La mayoría llega a este tema con un problema concreto y quiere una solución concreta. La solución suele depender de algo que todavía no se ha determinado.

«Mal comportamiento» es un error de categoría

La frase describe un efecto sobre ti. Agrupa cosas que no tienen nada en común: un perro que ladra a la puerta, un perro que se niega a volver, un perro que gruñe cuando se acercan a su cuenco, un perro que destroza algo al quedarse solo.

Tienen causas totalmente distintas y respuestas totalmente distintas. Agrupadas bajo una sola etiqueta, reciben una sola respuesta, por eso la respuesta falla tan a menudo.

El reemplazo útil es describir. No «se estaba portando mal» sino qué pasó, en orden, incluyendo qué ocurrió justo antes. Casi todo se deriva de hacer ese cambio.

Tres preguntas antes de «cómo lo paro»

Tres preguntas, en este orden, y el orden es todo el método.

PreguntaQué determina
¿Es esto comunicación?Si el perro te está diciendo algo que no leíste
¿Es esto malestar?Si algo físico lo está causando
¿Soy yo?Si tu propio estado forma parte de la situación

La mayoría de los consejos empiezan por una cuarta pregunta, cómo detener el comportamiento, y se saltan las tres anteriores. Por eso el mismo problema vuelve con otra forma después de ser suprimido.

Etapa uno: el vocabulario de señales

Unos dos meses, y es el grueso del trabajo.

Los perros se comunican de forma continua, con señales pequeñas, que los humanos por naturaleza no estamos entrenados para notar. Girar la cabeza. Un lametón de labios lento sin comida presente. Un bostezo en una situación que no cansa. Quedarse quieto un instante. Acercarse en curva en vez de en línea recta. Mostrar el blanco de los ojos.

No son aleatorias. Son, en general, comunicación sobre el malestar y sobre bajar la tensión, y aparecen mucho antes de nada que un humano llamaría una advertencia.

Esto importa más que cualquier otra cosa de este artículo por un motivo: casi todo incidente que sorprende a un dueño estuvo precedido de señales. El perro no era impredecible. Las señales eran más discretas y más tempranas que la atención del dueño.

Casi todo incidente que sorprendió a un dueño tuvo un preámbulo. Las señales fueron más tempranas y más discretas que la atención.

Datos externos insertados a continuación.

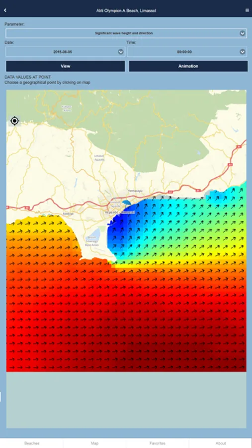 The SeaMobile App provides a handy and dynamic guide to the beaches and marine waters of Cyprus. It gives for each beach local information (description and features), marine forecasts (waves, currents, temperature, salinity and winds) and weather forecasts. This is provided in tables and maps, including animations.
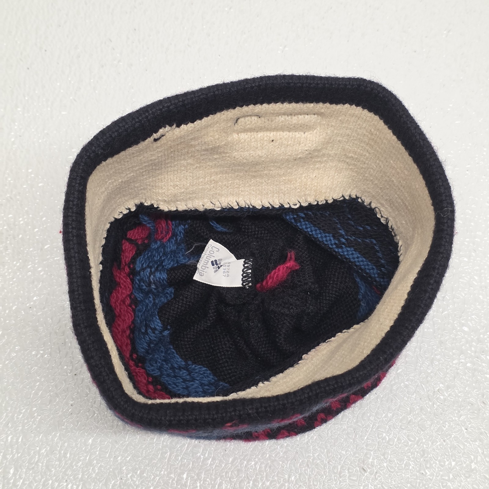 Vintage Columbia Knit Winter Cap Beanie Hat Women's Small Medium Black Red Blue. Images show actual item that will ship.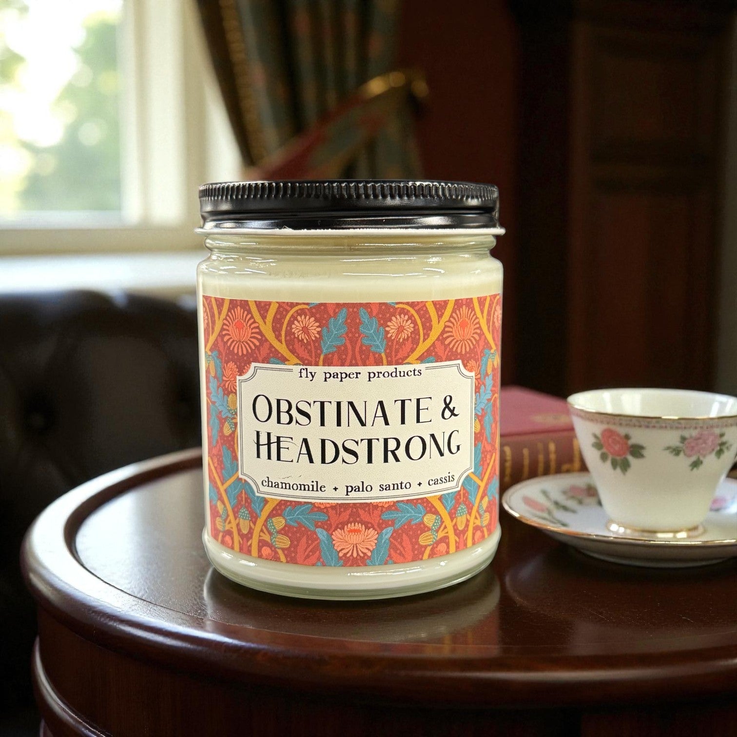 Lady Catherine de Bourgh said to Elizabeth Bennett in "Pride and Prejudice" as an insult, but we take 'Obstinate and Headstrong' as a compliment. Our candle has hints of the mineral waters at Bath complemented by orange and sage and underpinned with the warmth of palo santo.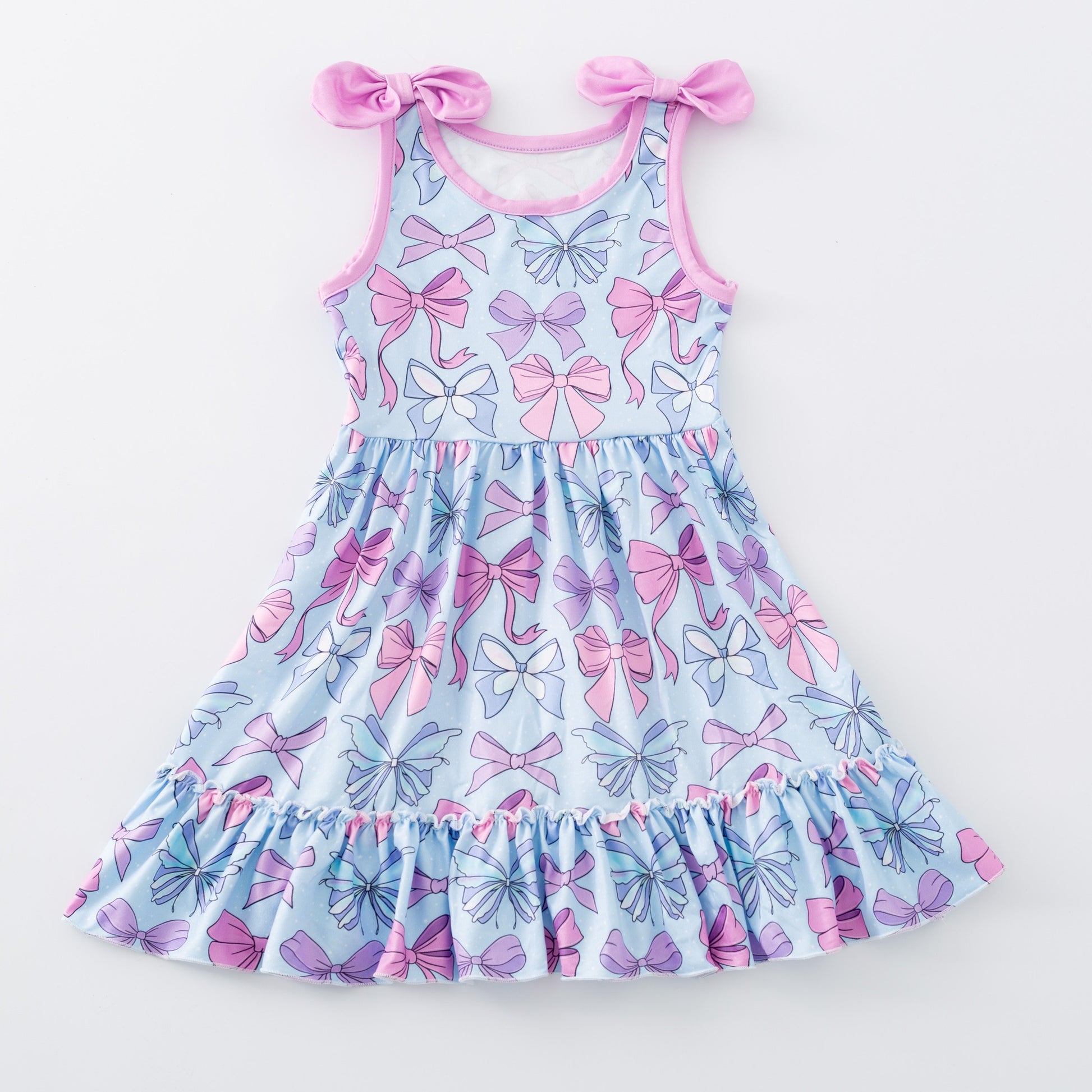 (Custom Design Preorder MOQ 5 ) Purple Blue Bows Print Girls Summer Knee Length Dress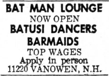 That ad is dated 1966 which is right when you'd figure someone would open such a place figuring to cash in on the Batman craze. They might even have had their grand opening during the hour-or-so that the Batusi was a popular dance craze.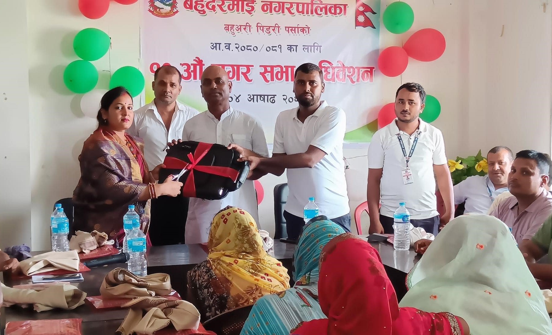 वीरगञ्ज । पर्साको बहुदरमाई नगरपालिकाको दशौ नगर सभा साेमबार सम्पन्न भएकाे छ । नगरपालिकाले नगर सभाबाट पारित आ.व. २०८०/०८१ काे निती तथा कार्यक्रम जिल्ला मै पहिलाे सार्वजनिक समेत गरेकाे छ । असार १० गते भित्र गर्नु पर्ने सभा बहुदरमाईले यस बर्ष असार ४ गते नै गर्न सफल भएकाे हाे ।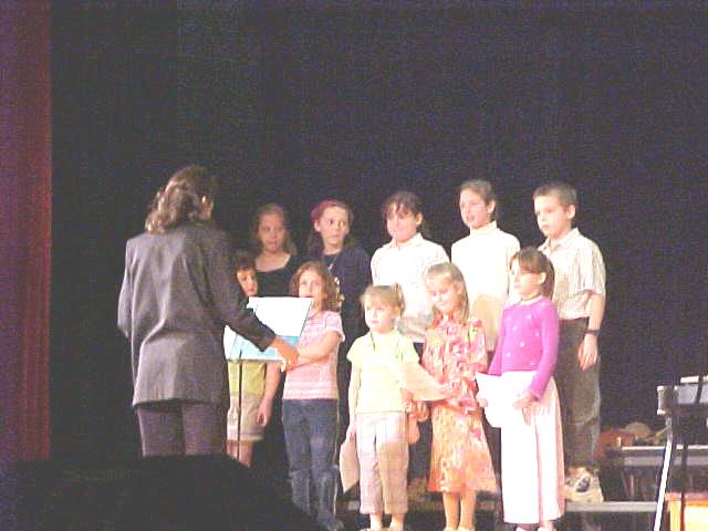 By Dan Cosgrove Congratulations to the Arnoldsburg "Lights On!" Children's Choir for two outstanding performances on 19 March. The choir had the opportunity to perform for both Arnoldsburg and Pleasant Hill students during a daytime performance at the Middle/High School and for families and the general public during an evening performance. Both performances received many accolades from people in attendance--for both the quality of the signing and for the challenging selection of Irish songs the children had to learn. The choir sang as part of a program called "Music in the Schools" that included both Middle School and High School students. The Arnoldsburg "Lights On!" Children's Choir is under the direction of Norma Myers. A special thank you to Mark Myers for his accompaniment on the keyboard.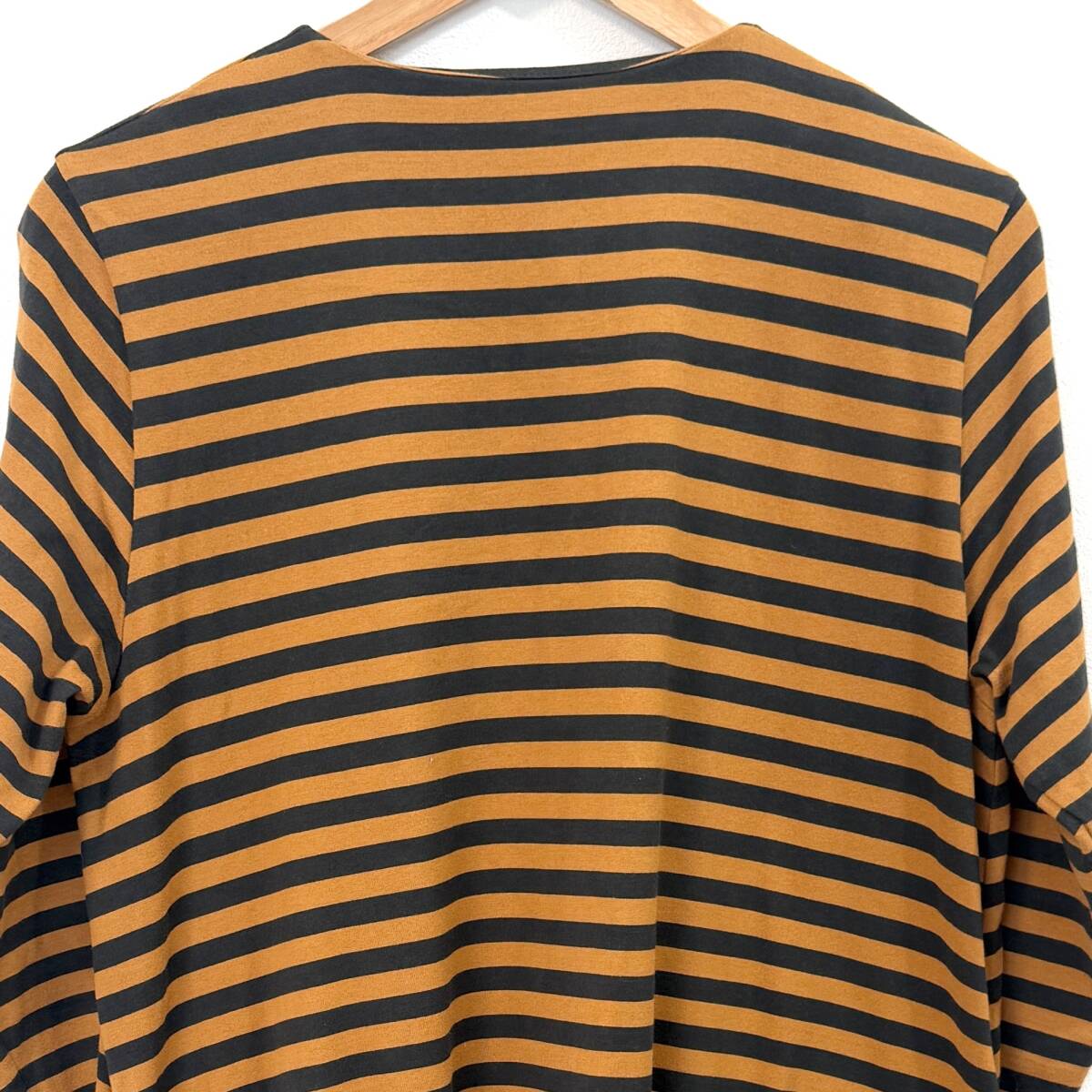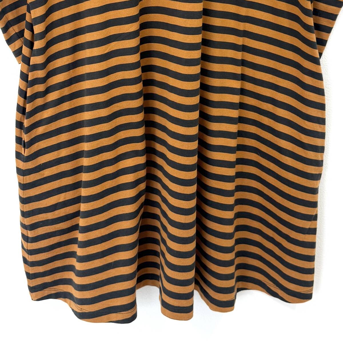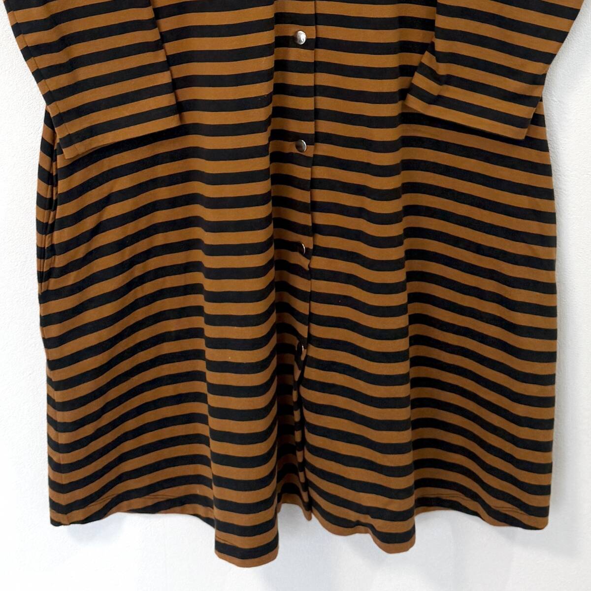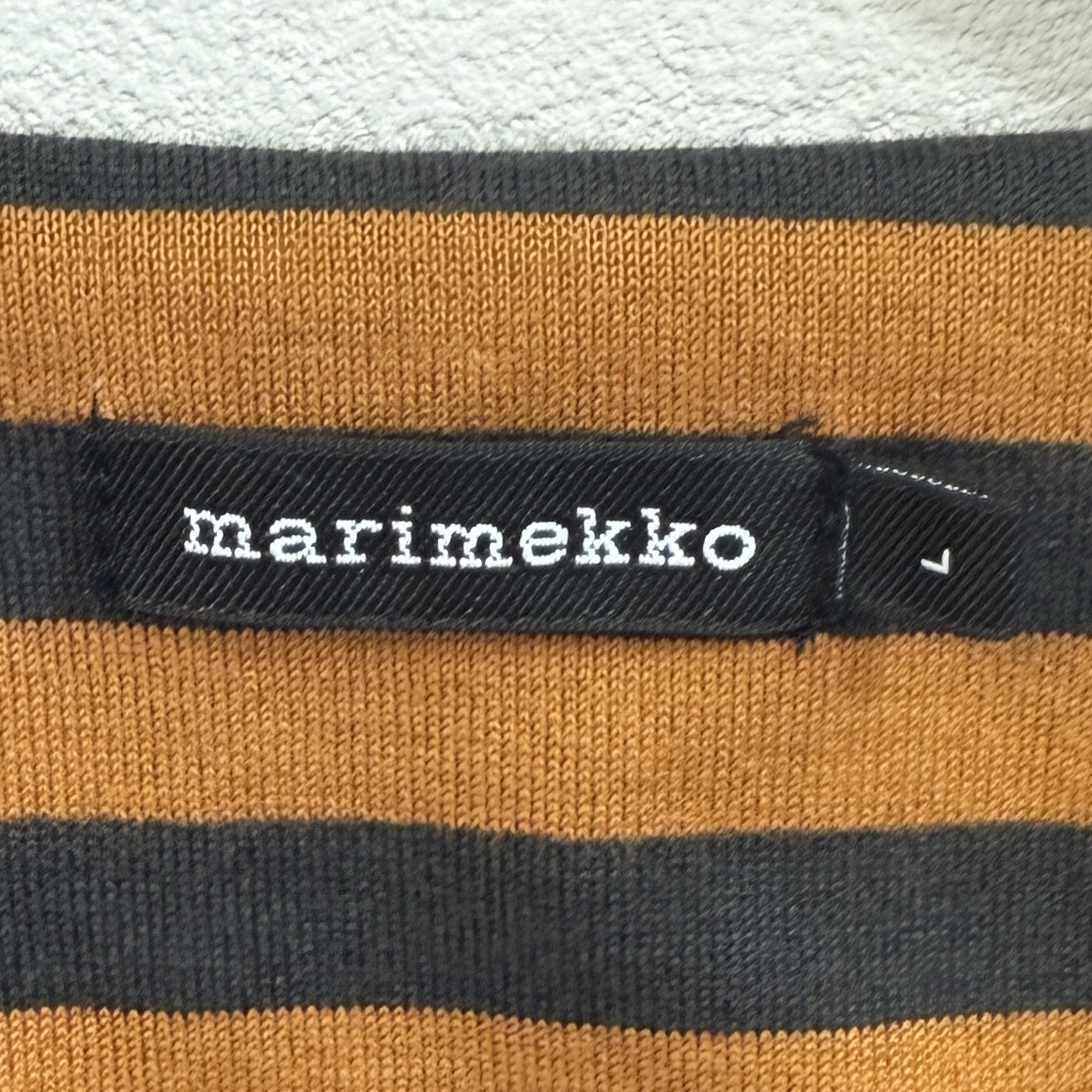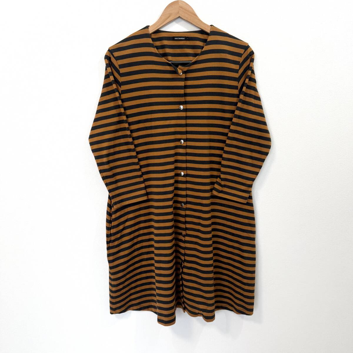 f2912ii marimekko(マリメッコ)サイズL ボーダーワンピース 長袖 前開き クルーネック オレンジ×グリーン系 レディース コットン100%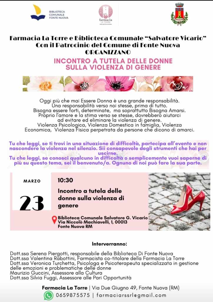 Sabato 23 Marzo, alle 10.30 presso la biblioteca comunale Salvatore Vicario, in Via Niccolò Machiavelli 1, si terrà un incontro dedicato alla sensibilizzazione e alla lotta contro la violenza di genere.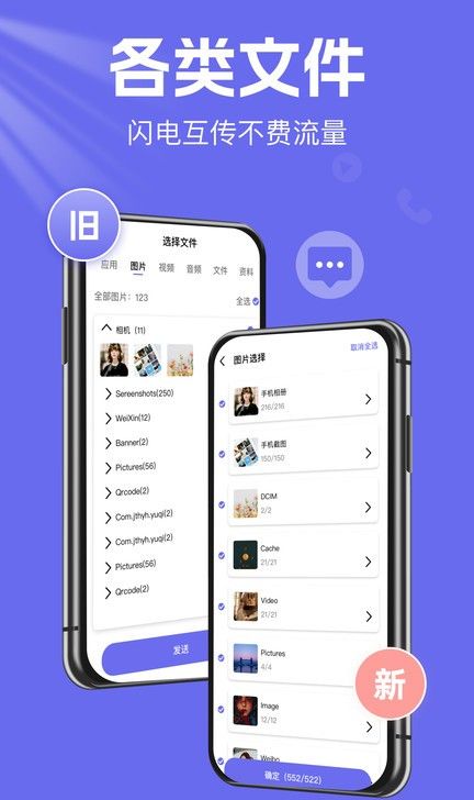 手机克隆换机王是一款非常实用的换机互传软件,拥有个性化的界面设计,可以帮助用户安全快速地将所有联系人、聊天记录、照片、视频、软件和重要数据从旧移动设备传输到新手机,轻松享受流畅的手机使用过程,还提供丰富的功能选项,无需任何权限即可上手使用,随时随地在线备份手机数据来保护隐私安全,能完全满足所有使用需求,还具有极速传输服务,允许用户轻松传输各种手机数据文件,有兴趣的用户欢迎来本站下载软件。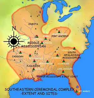 Юго-восточный церемониальный комплекс, известный также как Южный культ смерти, Южный культ или Воинский культ вождеств — название, под которым объединяется стилистическая традиция археологических артефактов, иконографии, церемоний (включая религиозные) и мифологии миссисипской культуры, совпавшая с возникновением основанного на кукурузе сельского хозяйства и социальной организации на основе вождеств в период 1200—1650 годов.[1][2] Несмотря на некоторое сходство произведений искусства, данное явление развилось не под влиянием культур Месоамерики, но совершенно независимо.
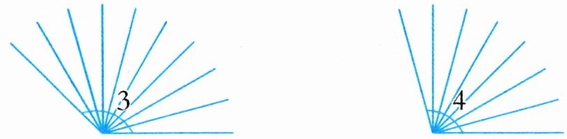 (4)体育课上,老师让大家向左转,小明至少转()次可以转到一个平角;至少转()次可以转到一个周角。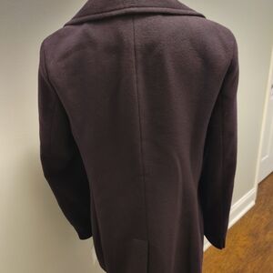 NWT. Size 14. Beautiful deep plum color. Single breasted. Classic design. Notched collar and 2 slant front pockets. Inside slip pockets. Excellent new condition. PTP 22" x 31" L.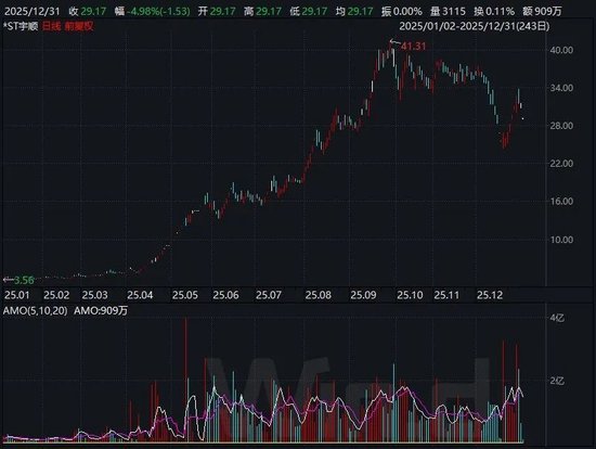 2025年十大牛股中,位居第4至第10位的个股依次是:*ST亚振、胜宏科技、飞沃科技、菲林格尔、鼎泰高科、恒勃股份、顺灏股份,全年涨幅均超500%。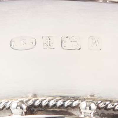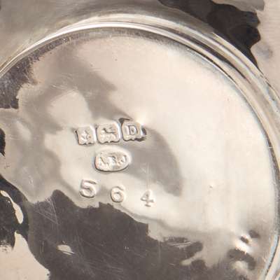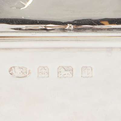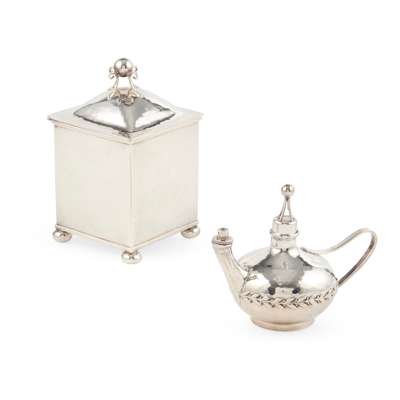 silver and turned wood, stamped maker's mark A.E.J., hallmarked Birmingham 1987, 14.5cm diameter; a LOBED DISH, silver, stamped maker's mark A.E.J., hallmarked Birmingham 1992, 17cm diameter, 287g (dish); a TEA CADDY, 1918, silver, with stamped maker's mark A.E.J., hallmarked Birmingham 1918, 12cm high; and a TABLE LIGHTER, silver, with stamped maker's mark A.E.J., hallmarked Birmingham 1928, 8.5cm high, 257g (4)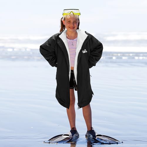 HOT ! Catalonia Kids Waterproof Swim Parka with Hood, Windproof Fleece Swim Jacket, Warm Winter Swim Coat, Perfect for Beach, Pool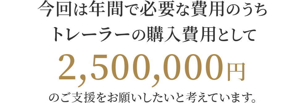 トレーラーに掲載するお名前のサイズは横500mmを予定しております。支援者様の総数で変更になる場合がありますので予めご了承ください。(掲載期間はどのコースも2024年シーズン〜2026年シーズンの3年間を予定しております)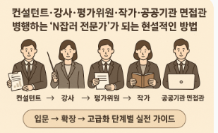 컨설턴트·강사·평가위원·작가·공공기관 면접관을 병행하는 ‘N잡러 전문가’가 되는 현실적인 방법입문 → 확장 → 고급화 단계로 정리한 실전 가이드입니다.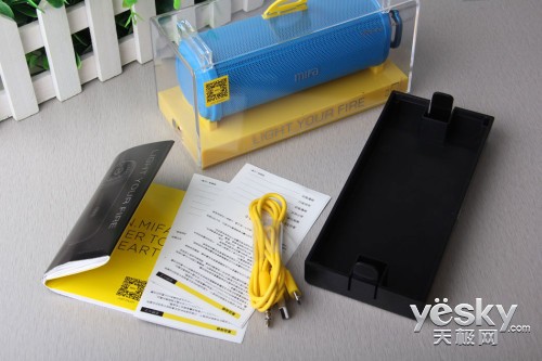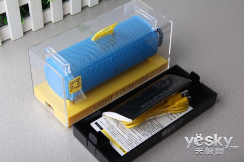 跟大多數(shù)藍牙音箱的包裝不同,Mifa F5藍牙音箱外包裝采用的亞克力透明材質,高檔意味明顯。外包裝分為上下兩部分,上半部采用的透明面殼,下半部是黑色底座。上下兩部分通過左右兩側的卡扣銜接,在前后中間部位有貼紙粘貼。在透明面殼的下方,可以看到一個黃色的基座,音箱就放在這個基座上。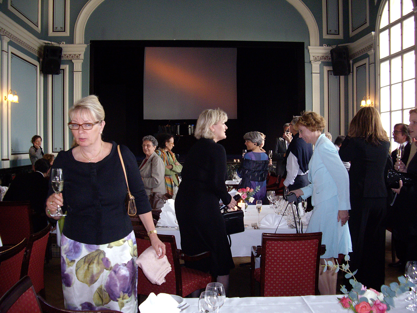Neðri myndin er tekin í kvöldverði í Iðnó. Fyrir miðri mynd er veislustjórinn, Þórunn Hafstein.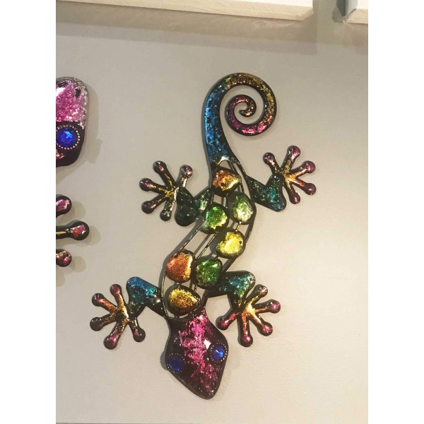 Le Gecko Métal Mural : Modèle Polychrome, H 30 cm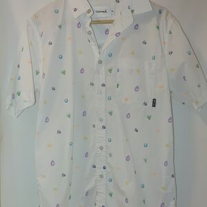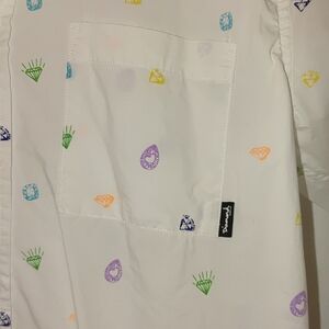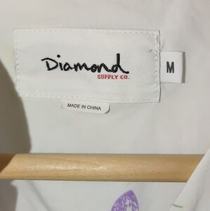 Diamond Supply Co. Short Sleeve Button Front Shirt Novelty Gem Pattern M White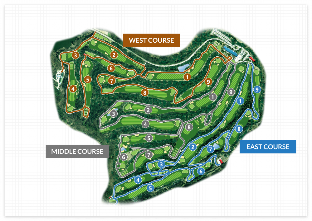 - 블루원용인cc회원권 코스는 구봉산 자락의 산악 지형을 최대한 반영하여 설계된 코스로 매우 도전적이고 다이나믹한 재미가 있습니다. 웨스트 / 이스트 / 미들 세가지로 구성되어 있는데요. 전장이 시야에 대부분 들어오겠금 트여있고 넓어서 티샷하는 재미가 쏠쏠합니다. 그린은 살짝 언듈레이션이 있어 경기 끝까지 긴장감을 주게 하죠.

Lee al perro entero, no la cola

El error característico de quien empieza es tomar una sola parte del cuerpo como la respuesta.

La cola que se mueve es el ejemplo clásico. El movimiento de cola indica activación, no estado de ánimo, y la activación cubre por igual la alegría y el conflicto. Lo mismo pasa en el otro sentido: un gruñido es comunicación, y un perro que gruñe está avisando en lugar de escalar sin previo aviso. Castigarlo le enseña al perro a saltarse el aviso, justo lo contrario de lo que nadie quiere.

Lo que hace quien observa con experiencia es leer varias cosas a la vez y preguntarse si coinciden. Cola, orejas, tensión de la boca, distribución del peso, los ojos, la velocidad del movimiento. Las señales que coinciden entre varias partes son fiables. El desacuerdo entre partes es en sí mismo información, casi siempre significa conflicto, y el conflicto es el estado que más vale la pena captar temprano.

El contexto es la otra mitad. La misma postura significa cosas distintas acercándose a un desconocido que acercándose a un perro conocido en un lugar conocido.

Etapa dos: el malestar leído como comportamiento

Cerca de un mes, y es lo más importante de la secuencia que los dueños no conocen.

Una revisión de 2020 publicada en Animals examinó los casos clínicos de comportamiento remitidos y concluyó que una estimación conservadora ronda un tercio con alguna forma de condición dolorosa, con cifras en algunas series cercanas al 80 %. El dolor musculoesquelético destacaba, junto con condiciones gastrointestinales y de piel.

Detente ahí un momento. Una proporción sustancial de perros remitidos por problemas de comportamiento sentía dolor, y el comportamiento era el síntoma.

Esto replantea muchas cosas. Un perro que ha empezado a resistirse a las escaleras, que se pone brusco al tocarlo en un punto, que tolera menos a un cachorro que antes toleraba, o que de repente no quiere que lo manipulen, es muy a menudo un perro que siente dolor. Lo mismo se aplica al hambre, las náuseas y el malestar digestivo, que se manifiestan como irritabilidad e inquietud en lugar de como algo reconociblemente digestivo.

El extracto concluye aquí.